O diário de uma barqueira na República Dominicana
Conhecida por transportar pessoas nos rios Ozama e Isabela, em Santo Domingo, Yaquelín é um dos milhares de cidadãos que vivem em moradias paupérrimas no país caribenho
Yaquelín é para o bairro Simón Bolívar o mesmo que a própria água para os rios Ozama e Isabela, que se abraçam justo diante de sua casa, um modo de chamar o que é um mero barraco desconjuntado. Um habitáculo que ela transforma em algo caseiro e digno, com seu sofá envelhecido, seu fogareiro e seu botijão de gás, sua cortina, sua roupa estendida dentro e o que parecem ser remos de sua yola (barco) no canto. Por culpa desta, Yaquelín é conhecida por todos como La Yolera. Há quase 40 anos esta mulher vive em ambas as margens do leito, nesta choça que ela descreve como feita com peças de “tabuinhas, metais e isopor...” Tem água?, lhe perguntamos. “Sim, mas aqui é salgada, só serve para tomar banho e a limpeza.
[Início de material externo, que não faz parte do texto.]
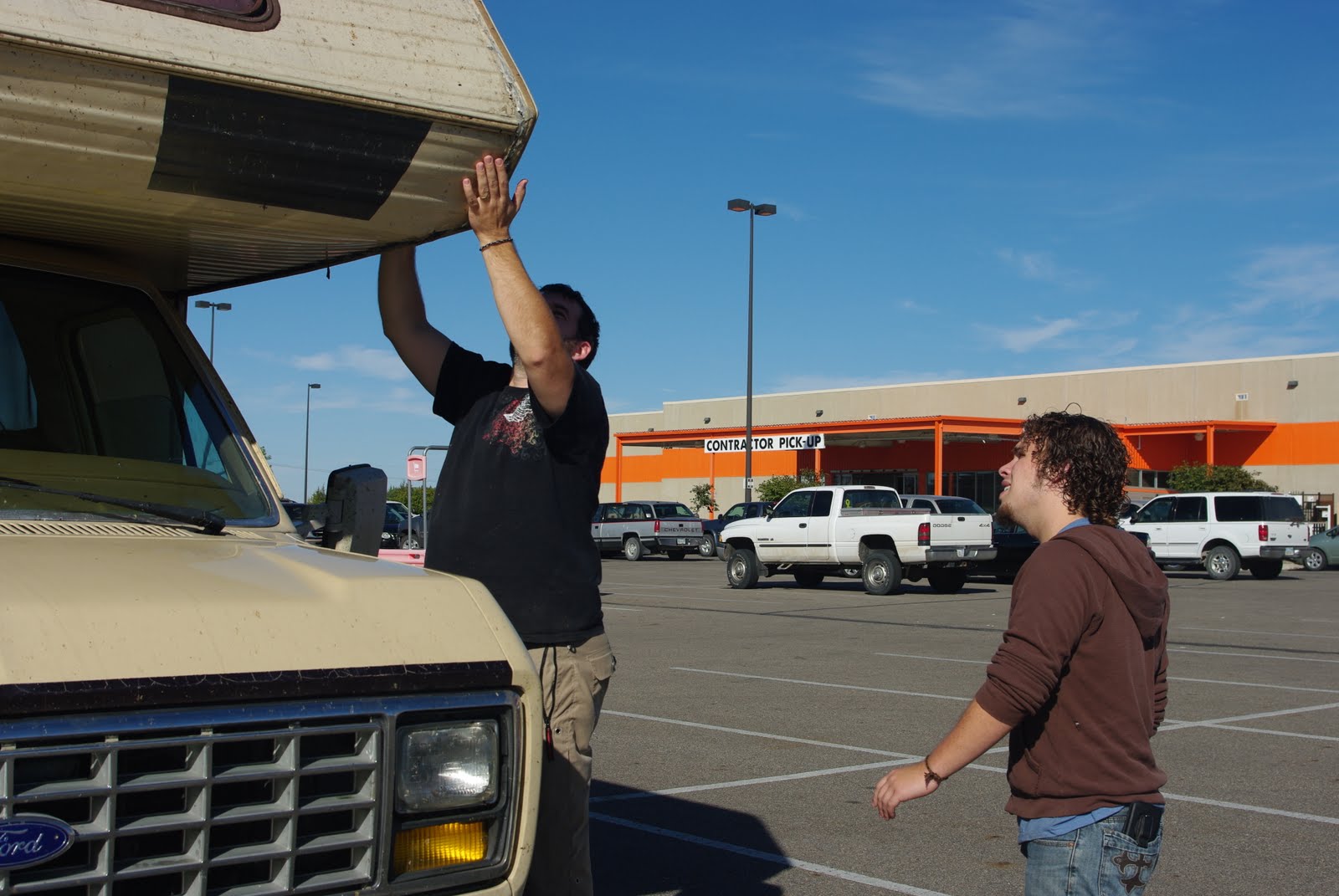 On Saturday, we were driving through Kansas when all of the sudden…Dorothy ran out of the field!! Haha I’m just kidding, that would’ve been awesome though. Anyway, all the sudden, a chunk of the RV goes flying off into the wind!! We were on the Highway so we couldn’t even go back and get it. So we pulled off the road and saw that a 2 foot by 2 foot piece of the paneling on the outside of the RV was just gone. We found the nearest Home Depot, and us ladies sat in the RV for the day while the boys fixed it up. They bought some fancy sheet metal and a new drill, and cut a piece to fit the bare spot. What bright young men. It looks lovely.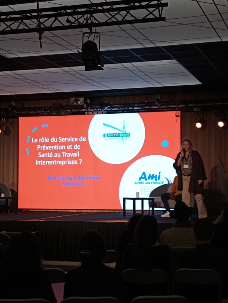 Une équipe de Santé BTP Normandie composée du Docteur AHOWESSO (Médecin du Travail) accompagnée par une Infirmière en Santé au Travail, une Psychologue du Travail, une Chargée de maintien en emploi animaient notre stand.

Para cozinhar e beber é preciso comprar e trazer em garrafas lá do alto”. E a luz? “Tenho, sim, mas quando Deus quer que venha.”
De saneamento nem falamos: verifica-se de imediato sua inexistência; tudo vai parar no rio, para umas cem mil pessoas que habitam estas margens; nos encontramos em Santo Domingo Norte.
De saneamento nem falamos: verifica-se de imediato sua inexistência. Tudo (além dos esgotos de várias indústrias) vai parar no rio. É assim para umas cem mil pessoas que habitam nestas margens. Para ser mais exatos, nos encontramos em Santo Domingo Norte. Além fica a formosa zona centro, colonial e monumental da capital de um país, a República Dominicana, famoso por suas praias e sua beleza; uma imagem idílica que só se encaixa no turismo. Das várias pontes (a da Avenida 17, por exemplo) se apreciam bem as dimensões de algumas das áreas destes bairros, sempre ameaçados pela elevação do rio, e dos albergues, espalhados aqui e ali, na maioria povoados por deslocados, e que nasceram um dia depois de um furacão ou uma tempestade, para serem provisórios, e aí continuam décadas depois.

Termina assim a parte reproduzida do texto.